Melding Body and Bionics
Of the many hurdles on the road to creating a Halfaker-friendly prosthetic, one of the most critical is the socket, the place where flesh and prosthetic meet. There have been plenty of socket innovations, including vacuum sockets that suspend the limb and suction sockets that add or remove fluid to maintain a consistent fit. But the best option would be to get rid of the socket altogether.
In 1952 Swedish orthopedist Per-Ingvar Branemark discovered that a titanium rod inserted in a rabbit´s bone fused well. He called it osseointegration, and the technique has worked wonderfully for dental implants, false teeth built on rods anchored in the patient´s underlying bone. In 1990 Branemark´s son, Rickard, an orthopedic surgeon at Sahlgren University Hospital in Gothenburg, Sweden, surgically implanted rods into human patients´ bones to act as a stable base for a prosthetic arm or leg. But several patients suffered complications. The skin never fused around the rod, acting as if it were a wound, and infections sprouted.
At Brown, molecular biologist Jeffrey Morgan and dean of engineering Clyde Briant are seeking ways to stop such infections. Briant is experimenting with titanium and alloys in search of a combination that is strong yet compatible with human tissue. Morgan is growing skin cells that will cling to the metal, forming a natural seal. It shouldn't be impossible: "Brown students," he observes, "have pierced noses."

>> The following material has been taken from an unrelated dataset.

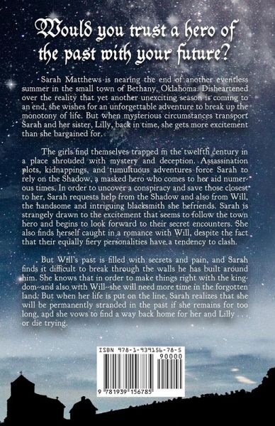 Sarah Matthews is nearing the end of another eventless summer in the small town of Bethany, Oklahoma. Disheartened over the reality that yet another unexciting season is coming to an end, she wishes for an unforgettable adventure to break up the monotony of life. But when mysterious circumstances transport Sarah and her sister, Lily, back in time, she gets more excitement than she bargained for. The girls find themselves trapped in the twelfth century in a place shrouded with mystery and deception. Assassination plots, kidnappings, and tumultuous adventures force Sarah to rely on the Shadow, a masked hero who comes to her aid numerous times. In order to uncover a conspiracy and save those closest to her, Sarah requests help from the Shadow and also from Will, the handsome and intriguing blacksmith she befriends. Sarah is strangely drawn to the excitement that seems to follow the town hero and begins to look forward to their secret encounters. She also finds herself caught in a romance with Will, despite the fact that their equally fiery personalities have a tendency to clash. But Will's past is filled with secrets and pain, and Sarah finds it difficult to break through the walls he has built around him. She knows that in order to make things right with the kingdom and also with Will she will need more time in the forgotten land. But when her life is put on the line, Sarah realizes that she will be permanently stranded in the past if she remains for too long and she vows to find a way back home for her and Lily... or die trying.

Once science figures out better ways to attach artificial limbs, prosthetics themselves need to become smarter, able to act on signals sent directly from the brain. Consider the case of Jesse Sullivan, a power lineman from Dayton, Tennessee, who lost both arms at the shoulder after being electrocuted on the job in 2001. A year later, doctors transferred four nerves (which were no longer infusing muscle) that had controlled his left arm out of his shoulder area and into his pectoral muscles. Six months after that, Todd Kuiken, director of the Rehabilitation Institute of Chicago´s Neural Engineering Center for Artificial Limbs, detected signals in the nerves. Kuiken´s team studded the surface of Sullivan´s chest with electrodes and joined them with wires to a multi-jointed prosthetic. The goal was to connect brain to artificial arm by redirecting signals from Sullivan's severed nerves. It worked. When doctors asked Sullivan to think about opening his hand, the device, almost instinctively, sprung open. "It was the greatest feeling I'd had since I'd been hurt," Sullivan says. He can now eat, mow the lawn, and do his laundry, but his arm fulfills only a small fraction of the nerves´ potential power. The nerve for hand closing controls at least 20 muscles, Kuiken says, "and I'm using it for just two different signals. If we tease it out, we might get better and better control." Kuiken is now developing sensors that will allow Sullivan to feel what he is touching.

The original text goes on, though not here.